What is expected -
With the material below, print exactly the lines between the line holding "4月29日上午9点,英国威廉" and the line holding "今回の動画は前後編の後編とな", inclusive. Add nothing else.

Entries provided -
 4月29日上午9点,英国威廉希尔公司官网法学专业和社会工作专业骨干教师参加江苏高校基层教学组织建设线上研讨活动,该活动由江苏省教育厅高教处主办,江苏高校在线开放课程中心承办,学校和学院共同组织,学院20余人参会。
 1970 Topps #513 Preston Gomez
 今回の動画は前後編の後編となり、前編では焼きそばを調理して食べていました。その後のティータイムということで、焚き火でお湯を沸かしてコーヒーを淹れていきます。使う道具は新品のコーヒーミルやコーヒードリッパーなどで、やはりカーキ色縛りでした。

==

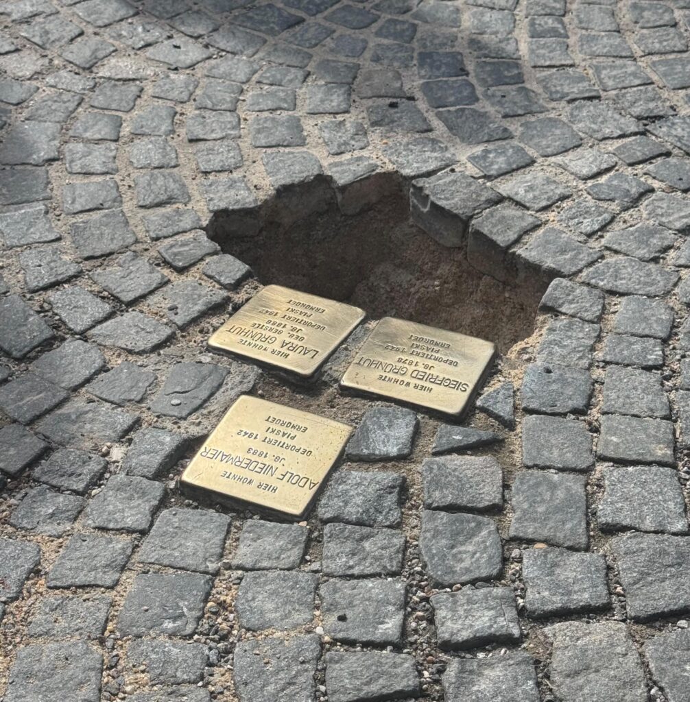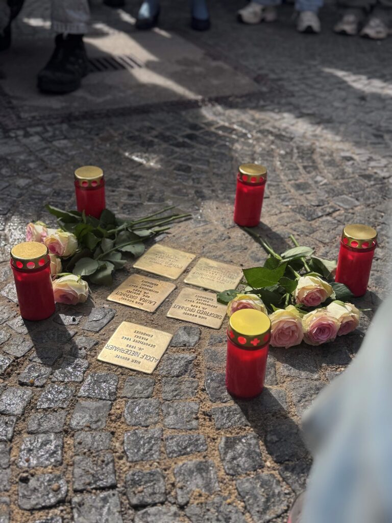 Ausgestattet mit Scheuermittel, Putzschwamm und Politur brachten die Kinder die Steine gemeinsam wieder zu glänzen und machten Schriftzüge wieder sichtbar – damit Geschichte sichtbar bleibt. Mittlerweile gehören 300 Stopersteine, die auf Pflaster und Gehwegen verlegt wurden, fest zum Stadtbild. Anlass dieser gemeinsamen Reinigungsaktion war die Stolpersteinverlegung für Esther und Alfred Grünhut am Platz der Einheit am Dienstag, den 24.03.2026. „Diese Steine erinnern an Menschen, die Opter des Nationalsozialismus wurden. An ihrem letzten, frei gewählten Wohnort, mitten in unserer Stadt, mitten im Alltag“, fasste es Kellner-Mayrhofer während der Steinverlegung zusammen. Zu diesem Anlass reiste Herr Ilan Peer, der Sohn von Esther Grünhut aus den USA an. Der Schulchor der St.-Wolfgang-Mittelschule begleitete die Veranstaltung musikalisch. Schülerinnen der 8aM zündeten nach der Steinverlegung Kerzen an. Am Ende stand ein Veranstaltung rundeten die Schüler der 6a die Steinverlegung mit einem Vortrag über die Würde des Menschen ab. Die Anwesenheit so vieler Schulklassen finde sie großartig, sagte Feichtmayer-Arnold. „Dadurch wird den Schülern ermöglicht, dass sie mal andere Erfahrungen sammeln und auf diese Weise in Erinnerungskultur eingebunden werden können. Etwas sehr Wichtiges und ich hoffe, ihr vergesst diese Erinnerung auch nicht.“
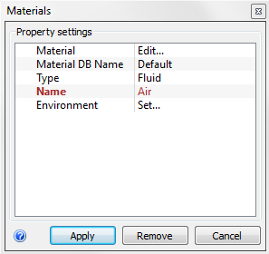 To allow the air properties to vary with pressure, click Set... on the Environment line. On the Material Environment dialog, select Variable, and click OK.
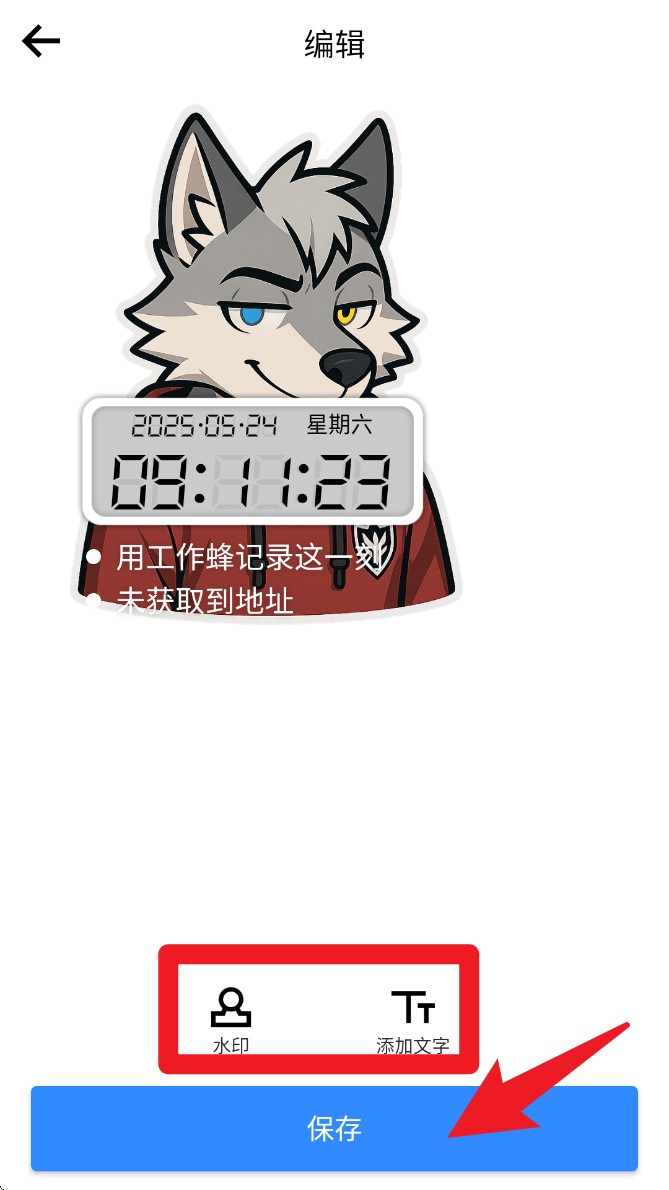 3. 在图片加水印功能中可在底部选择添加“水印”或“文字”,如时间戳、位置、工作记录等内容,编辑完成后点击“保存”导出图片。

---

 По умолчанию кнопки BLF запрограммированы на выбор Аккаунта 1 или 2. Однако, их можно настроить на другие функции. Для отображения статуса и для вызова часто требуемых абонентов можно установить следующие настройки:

Exercise solution -
 4月29日上午9点,英国威廉希尔公司官网法学专业和社会工作专业骨干教师参加江苏高校基层教学组织建设线上研讨活动,该活动由江苏省教育厅高教处主办,江苏高校在线开放课程中心承办,学校和学院共同组织,学院20余人参会。
 1970 Topps #513 Preston Gomez
 今回の動画は前後編の後編となり、前編では焼きそばを調理して食べていました。その後のティータイムということで、焚き火でお湯を沸かしてコーヒーを淹れていきます。使う道具は新品のコーヒーミルやコーヒードリッパーなどで、やはりカーキ色縛りでした。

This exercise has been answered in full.